There’s an interesting thread on WebmasterWorld today with GoogleGuy and Henk van Ess trading fun-filled posts about the outing of Google Rater Hub.
“… The system that was up at eval.google.com was a console to evaluate quality passively, not to tweak our results actively. But when henk van Ess submitted his own blog to Slashdot, he asserted “Real people, from all over the world, are paid to finetune the index of Google,” and that made it sound like people were reaching in via this console to tweak results directly, which just isn’t true at all.

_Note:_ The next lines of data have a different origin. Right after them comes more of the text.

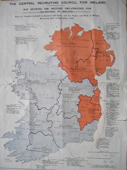 Above: Regimental recruiting map of Ireland, 1914 (image courtesy of the Museum of The Royal Irish Fusiliers)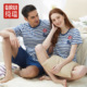 绮瑞夏季纯棉情侣睡衣薄款条纹套装青年男睡衣女夏短袖休闲家居服
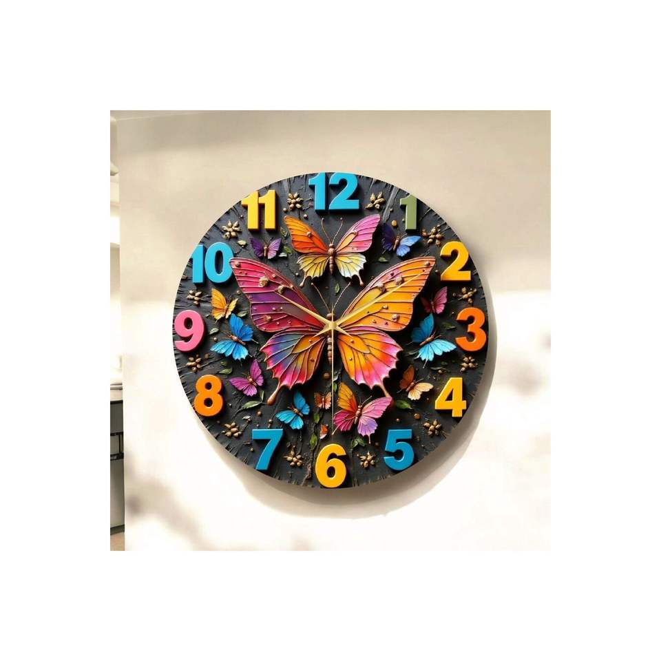 Reloj de Pared Redondo de Madera con Diseño de Mariposa Colorida, Estilo Clásico Silencioso, Origen TR, con Números, Regalo Único con Diseño Estampado, 45x45cm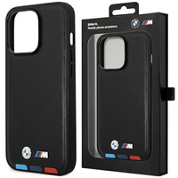 Etui BMW BMHMP14X22PTDK na iPhone 14 Pro Max - czarne Leather Stamp Tricolor Magsafe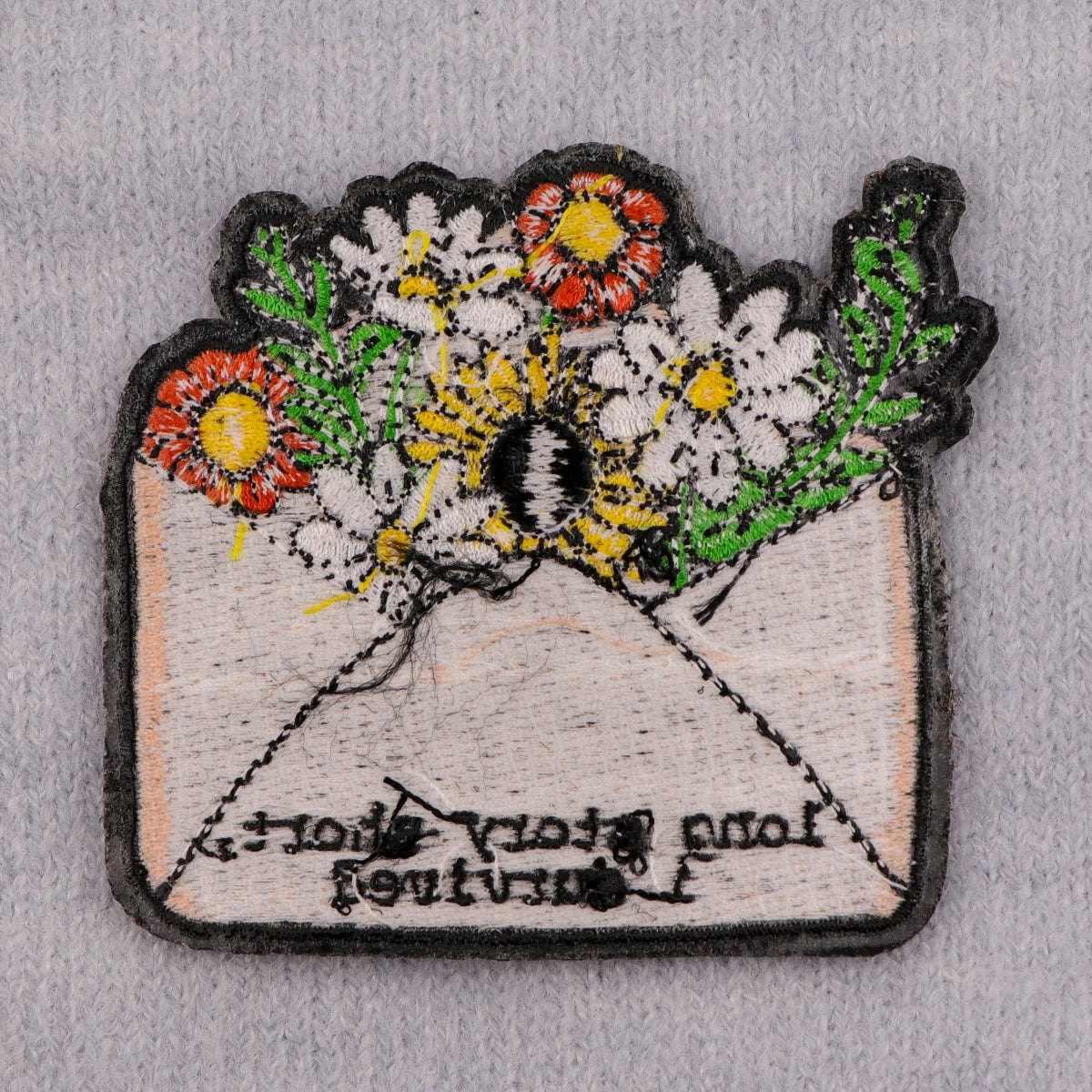 We recommend sewing on this Flower Envelope 'Long Story Short I Survived' Embroidered Patch for jackets, vests and heavy duty use. This Flower Envelope 'Long Story Short I Survived' Embroidered Patch can be ironed on to denim items.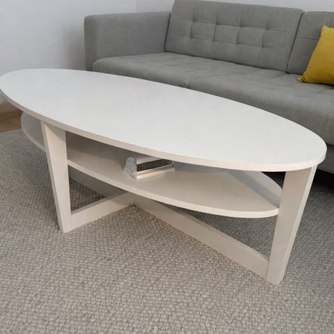 Mio soffbord i vitt utförande. Bordet är avlångt/ellipsformat med rundade kanter och har en övre bordsskiva samt ett underliggande hyllplan för förvaring av till exempel tidningar, fjärrkontroller eller mindre föremål. Bordet står på fyra runda ben i samma färg som skivorna. Passar som soffbord i vardagsrum eller tv-rum.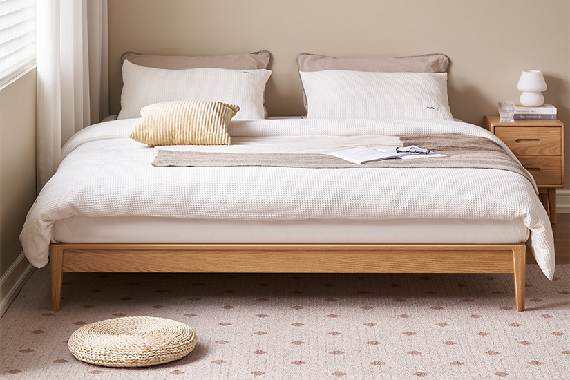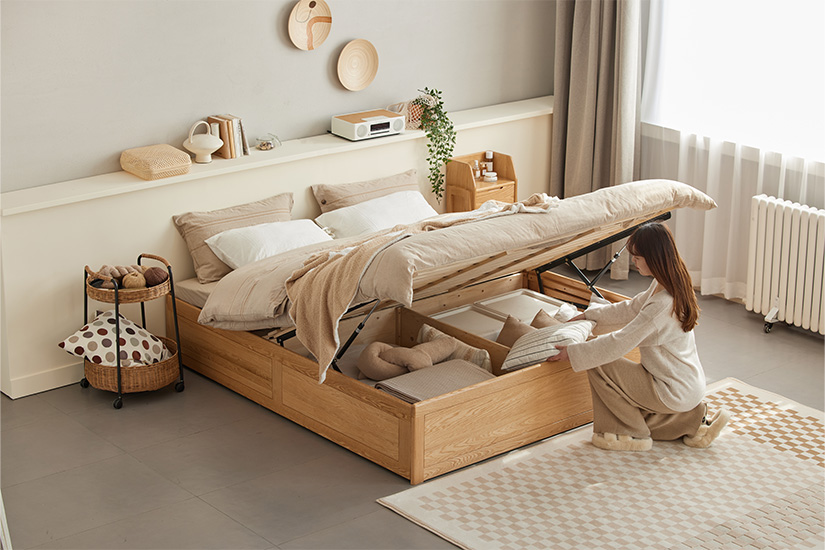 A tatami-style storage bed made from oak is ideal for small bedrooms. It combines sleeping comfort with hidden storage beneath the bed platform, reducing the need for bulky wardrobes.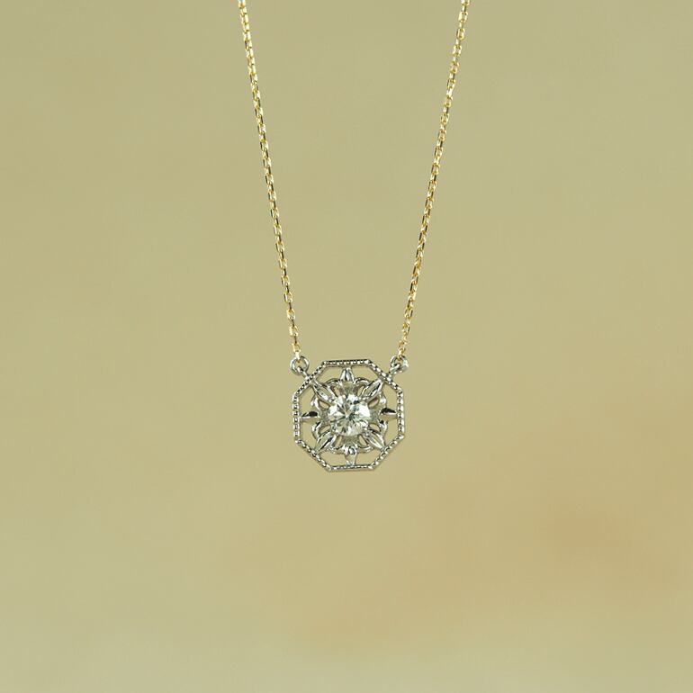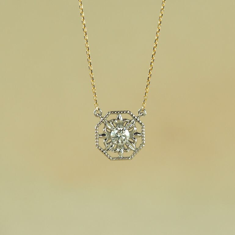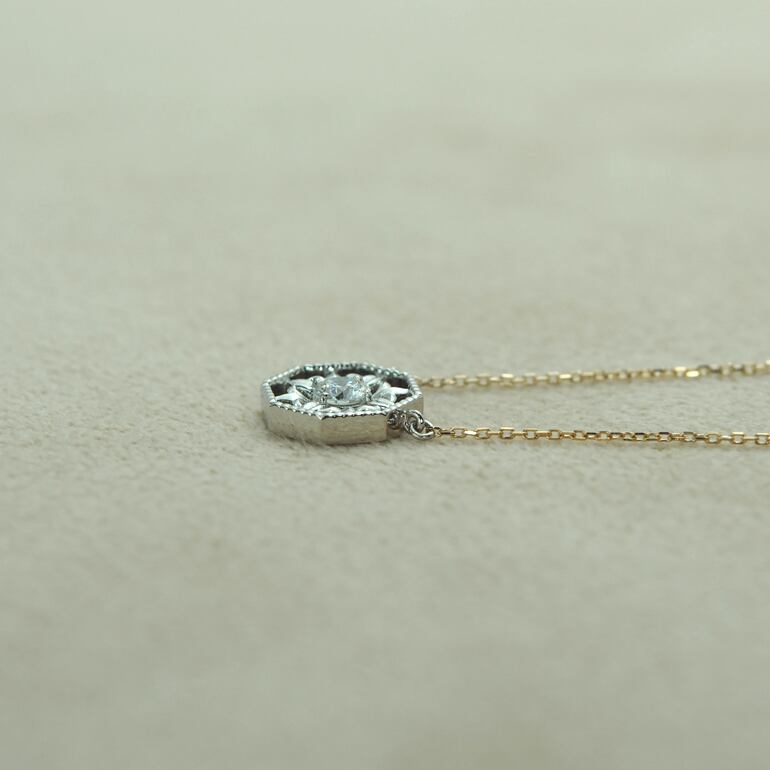 とても繊細でクラシックな美しさのあるネックレス。中央に輝くダイヤモンドが、その周囲を囲むレース模様と相まってとても優雅です。八角形のフレーム内に繊細な透かし細工が施されており、中央のダイヤモンドを引き立てています。レース柄のデザインがアクセントとなっており、全体的にクラシカルな雰囲気が強く、ヴィンテージ感も漂っています。シンプルながらも高級感があり、フォーマルなシーンでもカジュアルなシーンでも合わせやすいでしょう。

I have serious reservations about henk van Ess taking information from one of his own students (who presumably signed a non-disclosure agreement when the student agreed to help rate the quality of our results) and posting that information online. I also believe these web pages said things like “Google Proprietary and Confidential,” but it appears that the screenshots have been cropped to exclude that information. Those are the two things that really made me sad, not the “breaking news” the Google evaluates its own results quality. It shouldn’t be a surprise that Google evaluates the quality of its results in lots of ways–the fact is that every major search engine evaluates its relevance in many ways. “
It certainly is interesting to know there’s a human element to how Google rates search results quality (as opposed to 100% algorithmic). Was it responsible for Henk van Ess to publish the documents? That’s the question that will be hashed out in the Search Engine forums this week I’m sure.